Soon I should have an exhibition opening in Berlin, where I am participating. It has an almost symbolic name: "Salon of the Rejected".

I had a lot of refusals in 2023, but overall the year was successful.

By the way, I also write poetry and short stories, and three of my poems were published in early January by Southern Arizona Press.

 

One of my poems, I Forget Myself:

I forget myself in the melancholy of times,

 where the arrows are like scissors

 cut off pieces of you...

 and you become thinner

 as if it were a ring of omnipotence...

 Melted chocolate remains on your fingers

 Reminding us with membranes that

We were all once fish... 

Interview with Irina Tall
Artist and Writer

Irina Tall (Novikova) is an artist, graphic artist, illustrator.
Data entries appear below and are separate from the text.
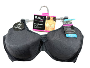 This Bali underwire bra in black, size 42C, features a front closure design for convenient fastening and easy adjustment. The lined underwire construction provides structured support and a smooth silhouette under clothing. Engineered for comfort and durability, this classic style delivers reliable lift and shaping throughout the day.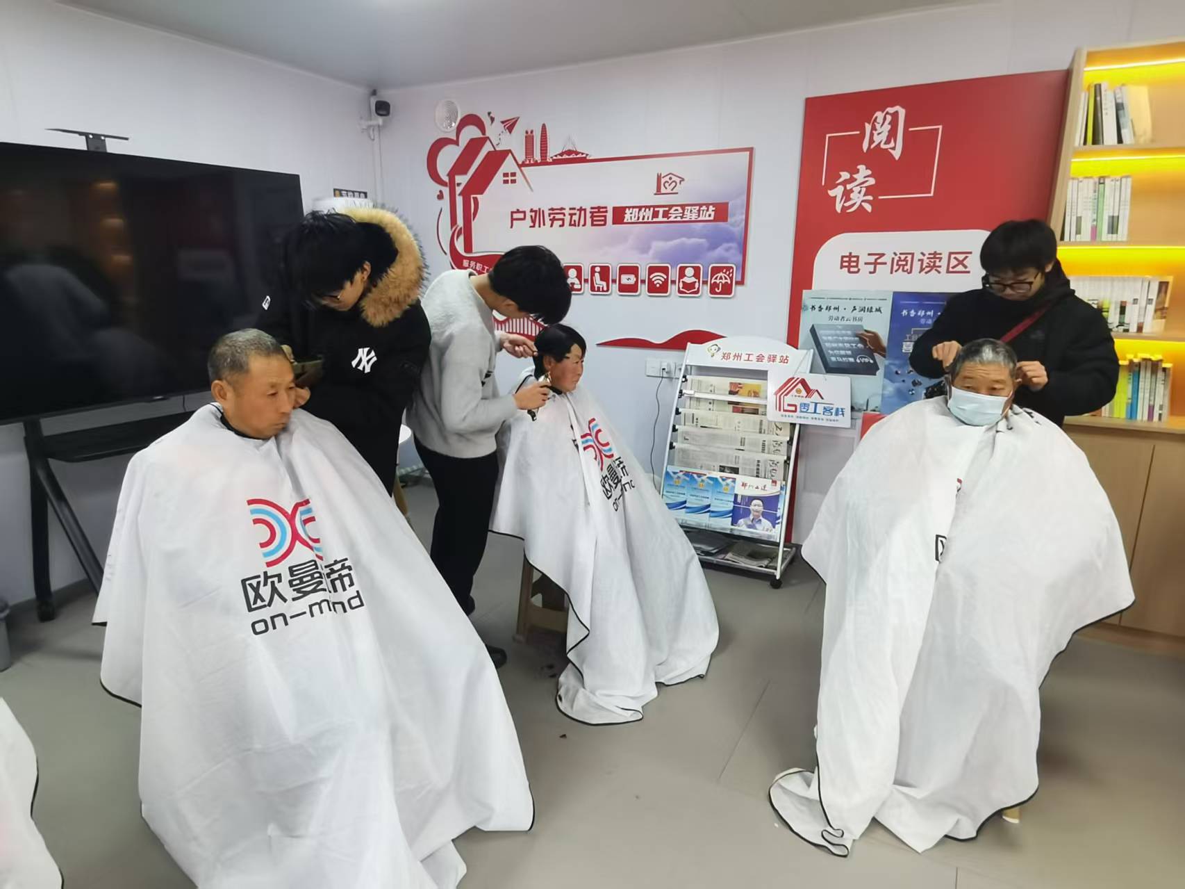 元旦将至,工会送暖。为切实服务户外劳动者,12月26日,总工会在吾悦广场郑州工会驿站开展“迎元旦·送温暖”爱心义剪活动,专门为外卖配送员、环卫工人等户外劳动者提供免费理发服务。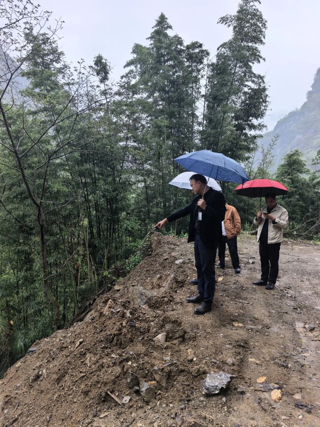 4月24日,北屏镇党委书记孙廷怀(左一)带队实地督导国道G211线渝陕界梁段危岩边坡整治项目。

She graduated from the State Academy of Slavic Cultures with a degree in art, and also has a bachelor's degree in design.

Her first personal exhibition "My soul is like a wild hawk" (2002) was held in the museum of Maxim Bagdanovich. In her works, she raises themes of ecology, and in 2005 she devoted a series of works to the Chernobyl disaster, drawing on anti-war topics. The first big series she drew was The Red Book, dedicated to rare and endangered species of animals and birds. She also writes fairy tales and poems and illustrates short stories. She draws various fantastic creatures: unicorns, animals with human faces, she especially likes the image of a man - a bird - Siren.

In 2020, she took part in Poznań Art Week. Her work has been published in magazines: Gupsophila, Harpy Hybrid Review, Little Literary Living Room and others. In 2022, her short story was included in the collection "The 50 Best Short Stories", and her poem was published in the collection of poetry "The wonders of winter".